Evaluation of Image Qualities for a Digital X-ray Imaging System Based on Gd$_2$O$_2$S(Tb) Scintillator and Photosensor Array by Using a Monte Carlo Imaging Simulation Code

몬테카를로 영상모의실험 코드를 이용한 Gd$_2$O$_2$S(Tb) 섬광체 및 광센서 어레이 기반 디지털 X-선 영상시스템의 화질평가

  • Jung, Man-Hee (Department of Biomedical Engineering, Yonsei University) ;
  • Jung, In-Bum (Department of Biomedical Engineering, Yonsei University) ;
  • Park, Ju-Hee (Department of Biomedical Engineering, Yonsei University) ;
  • Oh, Ji-Eun (Department of Radiological Science, Yonsei University) ;
  • Cho, Hyo-Sung (Department of Radiological Science, Yonsei University) ;
  • Han, Bong-Soo (Department of Radiological Science, Yonsei University) ;
  • Kim, Sin (Department of Nuclear & Energy Engineering, Cheju University) ;
  • Lee, Bong-Soo (Department of Biomedical Engineering, Konkuk University) ;
  • Kim, Ho-Kyung (School of Mechanical Engineering, Pusan National University)
  • 정만희 (연세대학교 보건과학대학 의공학부) ;
  • 정인범 (연세대학교 보건과학대학 의공학부) ;
  • 박주희 (연세대학교 보건과학대학 의공학부) ;
  • 오지은 (연세대학교 방사선학과) ;
  • 조효성 (연세대학교 방사선학과) ;
  • 한봉수 (연세대학교 방사선학과) ;
  • 김신 (제주대학교 에너지공학과) ;
  • 이봉수 (건국대학교 의공학부) ;
  • 김호경 (부산대학교 기계공학부)
  • Published : 2004.08.01

Abstract

in this study, we developed a Monte Carlo imaging simulation code written by the visual C$\^$++/ programing language for design optimization of a digital X-ray imaging system.
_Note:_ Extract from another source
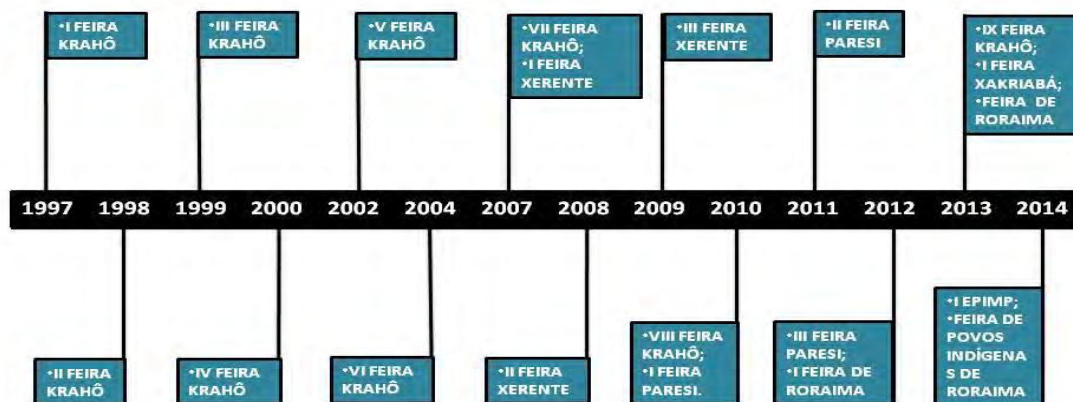
FIGURA 2. Linha do Tempo das Feiras Indígenas no Brasil

As a digital X-ray imaging system, we considered a Gd$_2$O$_2$S(Tb) scintillator and a photosensor array, and included a 2D parallel grid to simulate general test renditions. The interactions between X-ray beams and the system structure, the behavior of lights generated in the scintillator, and their collection in the photosensor array were simulated by using the Monte Carlo method. The scintillator thickness and the photosensor array pitch were assumed to 66$\mu\textrm{m}$ and 48$\mu\textrm{m}$, respertively, and the pixel format was set to 256 x 256. Using the code, we obtained X-ray images under various simulation conditions, and evaluated their image qualities through the calculations of SNR (signal-to-noise ratio), MTF (modulation transfer function), NPS (noise power spectrum), DQE (detective quantum efficiency). The image simulation code developed in this study can be applied effectively for a variety of digital X-ray imaging systems for their design optimization on various design parameters.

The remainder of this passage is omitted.